▸ **WHAT IS BEING ASKED**
Please return only the lines from the one with "Lernen auf der" through the final line of the data, unchanged, with pictures omitted.

▸ **THE DATA**
______________________________

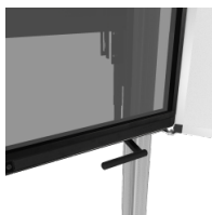
Griff zur Bedienung man.Pylonen- anlage
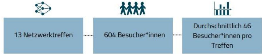
Abbildung 1: Anzahl der Netzwerktreffen, Besucher*innen sowie durchschnittlichen Besucher*innen pro Netzwerktreffen, Stand Dezember 2025; eigene Erhebung

„Datenbasiertes Kommunales Bildungsmanagement“, kurz: DKBM, war das Ziel des Bundesprogramms „Bildung integriert“. Im Oktober 2016 startete dieses Vorhaben nach erfolgreicher Bewerbung in Neustadt als eine von acht Kommunen in Rheinland-Pfalz. Ziel des durch Mittel des Europäischen Sozialfonds geförderten Programms war es, das lebenslange Lernen auf der
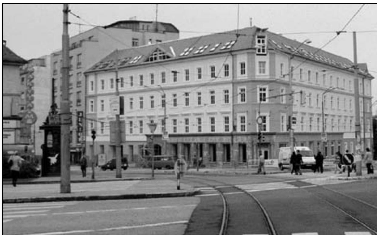
V priestoroch bývalej Mestskej knižnice na rohu Obchodnej ulice bola kedysi Moravská banka.

______________________________

▸ **ANSWER FOR THE TASK**
„Datenbasiertes Kommunales Bildungsmanagement“, kurz: DKBM, war das Ziel des Bundesprogramms „Bildung integriert“. Im Oktober 2016 startete dieses Vorhaben nach erfolgreicher Bewerbung in Neustadt als eine von acht Kommunen in Rheinland-Pfalz. Ziel des durch Mittel des Europäischen Sozialfonds geförderten Programms war es, das lebenslange Lernen auf der
V priestoroch bývalej Mestskej knižnice na rohu Obchodnej ulice bola kedysi Moravská banka.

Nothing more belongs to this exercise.